Ed Sheeran now films “every single writing session” to prevent future copyright cases

"We’ve had claims come through on songs and we go, ‘Well here’s the footage and you watch, and you’ll see that there’s nothing there’"

Ed Sheeran has said that he now films “every single writing session” to prevent future copyright cases into his songs.

Sheeran recently won a copyright case at the High Court over claims that he plagiarised hit song ‘Shape Of You’ from two other writers.

Sheeran along with two of his co-writers – Snow Patrol’s Johnny McDaid and producer Steve McCutcheon – were accused of plagiarising part of a track called ‘Oh Why’ by Sami Chokri, who performs under the alias Sami Switch.


Sheeran and his co-authors, denied all allegations of copying, claiming that they don’t remember hearing ‘Oh Why’ before the claims were lodged. After an 11-day trial, Justice Zacaroli ruled on April 6 that Sheeran “neither deliberately nor subconsciously” copied a phrase from ‘Oh Why’ when writing ‘Shape Of You.’

Previously, Sheeran settled a $20million (£15million) copyright case over his single ‘Photograph’ in 2017. 

Now, Sheeran and McDaid have now spoken to BBC2’s Newsnight about the cases with Sheeran saying that since the ‘Photograph’ settlement, he now records all songwriting sessions.

He told the programme that “I just film everything” to prevent a similar case ever being brought in the future.

He explained: “We’ve had claims come through on songs and we go, ‘Well here’s the footage and you watch, and you’ll see that there’s nothing there’.”


Speaking about how his songwriting had changed as a result, he said: “I personally think the best feeling in the world is the euphoria around the first idea of writing a great song. That feeling has now turned into, ‘Oh wait, let’s stand back for a minute’.”

He continued: “You find yourself, in the moment, second-guessing yourself.”

Speaking about the most recent case, he said: “I’m happy it’s over. I’m happy we can move on and get back to writing songs. Lawsuits are not fun for anyone involved. And yeah, I think across all sides it was not a nice experience.”

He went on to say that he “had to stand up for what we thought was right” by defending his and his co-writers work, saying it was “not about money, this is about heart and honesty”.

Sheeran also told Newsnight that he regrets settling the $20million (£15million) copyright case over ‘Photograph’ in 2017, something he said resulted in “the floodgates [being] opened” for similar claims.

“I didn’t play ‘Photograph’ for ages after that,” Sheeran recalled. “I just stopped playing it. I felt weird about it, it kind of made me feel dirty. And we’ve now got to a point where we actually own all of the song again.”

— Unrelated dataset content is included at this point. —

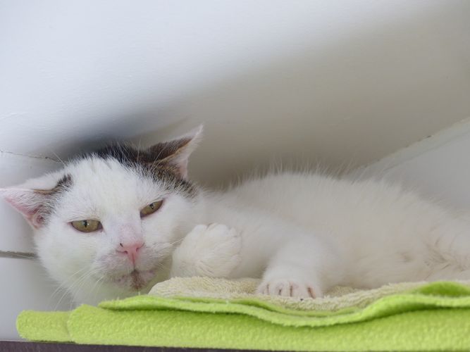 MARVEL chaton de 2 mois blanc et noir poils longs décédé du typhus en famille d’accueil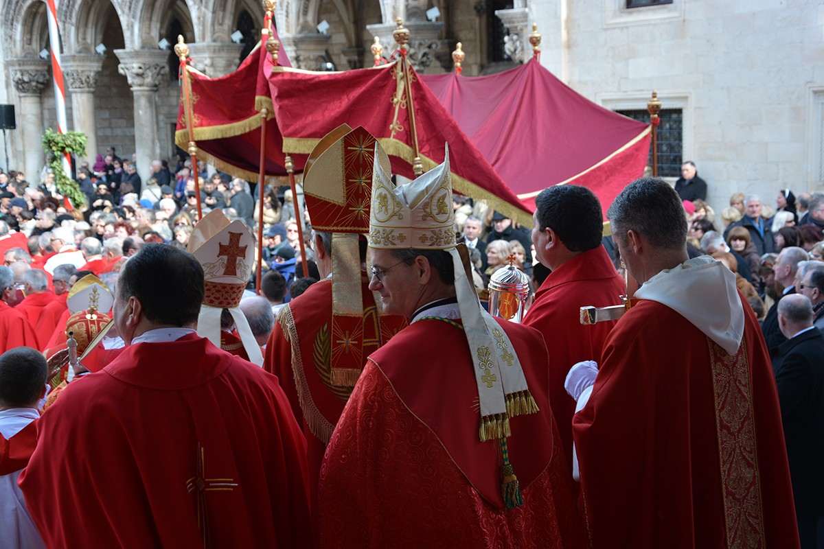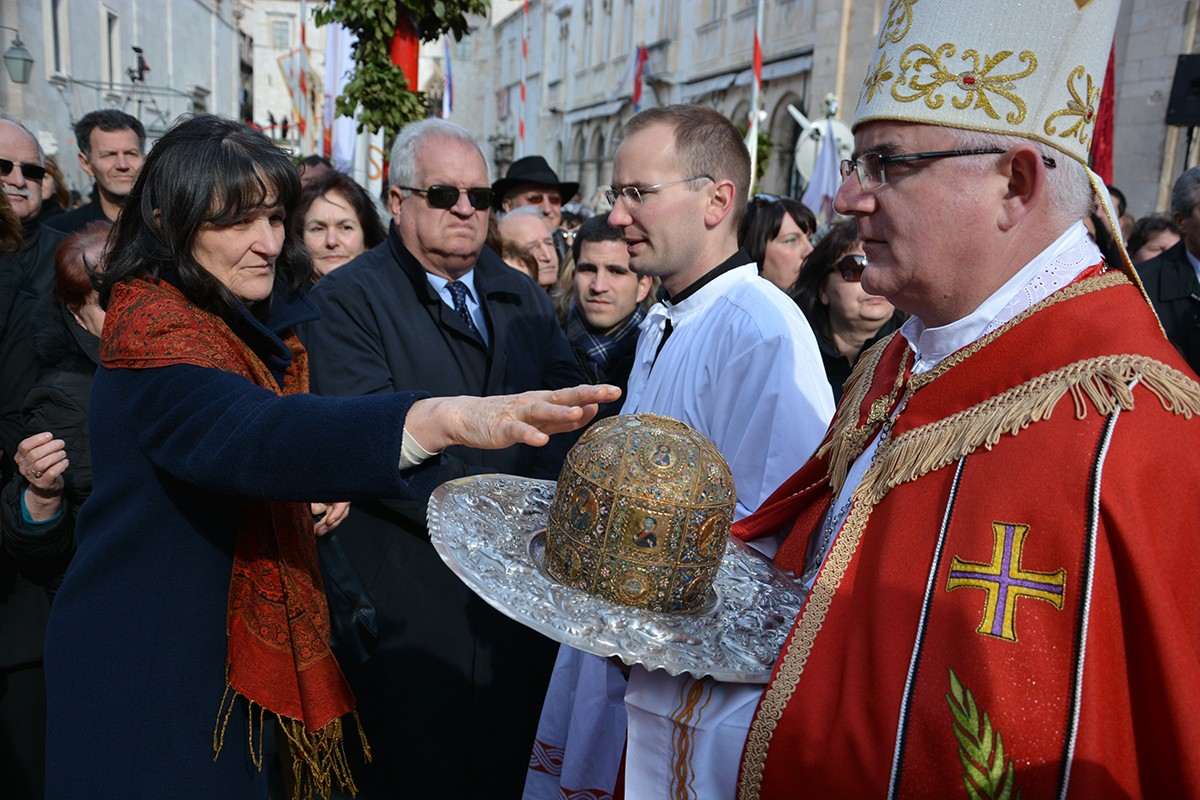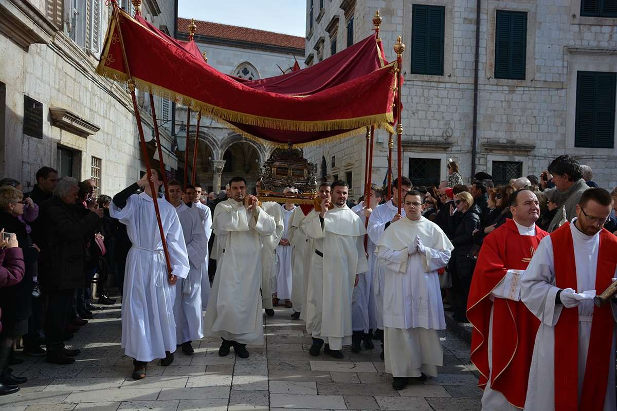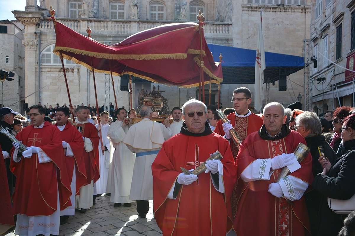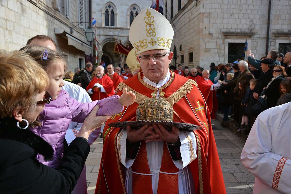 St.Blaise is the city’s patron saint and guardian whose feast day is marked with many celebrations and events in Dubrovnik. Today’s celebration of the feast day of St.Blaise has its roots in ancient legend according to which Saint Blaise , Bishop and martyr of Sebaste , saved Dubrovnik from the Venetians . According to historical records, at the end of the 14th century a Venetian fleet on its way to Levant, anchored in front of the island of Lokrum and Gruz. Locals in Dubrovnik welcomed them with open arms not knowing their true intentions – conquering the city. One night, Saint Blaise appeared to a priest named Stojko of the the then Church of St. Stephen, and warned him that the Venetians wanted to take Dubrovnik. As described by Serafin Razzi, the grey-haired Bishop Blaise, who was accompanied by armed military, said that he was sent from heaven to protect the city from the Venetians, who that night had secretly come to the city walls in order to jump over and begin their attack. According to the vision, Saint Blaise with the help of the heavenly army, threw the Venetians from the walls of Dubrovnik.

In a statement issued after the case last week, Sheeran, McDaid and Mac said in a joint statement: “Here was a lot of talk throughout this case about cost. But there is more than just a financial cost. There is a cost on creativity. When we are tangled up in law suits, we are not making music or playing shows.

“There is a cost on our mental health. The stress this causes on all sides is immense. It affects so many aspects of our everyday lives and the lives of our families and friends. We are not corporations. We are not entities. We are human beings. We are songwriters. We do not want to diminish the hurt and pain anyone has suffered through this, and at the same time, we feel it is important to acknowledge that we too have had our own hurts and life struggles throughout the course of this process.

“There is an impact on both us and the wider circle of songwriters everywhere. Our hope in having gone through all of this, is that it shows that there is a need for a safe space for allsongwriters to be creative, and free to express their hearts. That is why we all got into this in the first place. Everyone should be able to freely express themselves in music, in art and do so fearlessly.”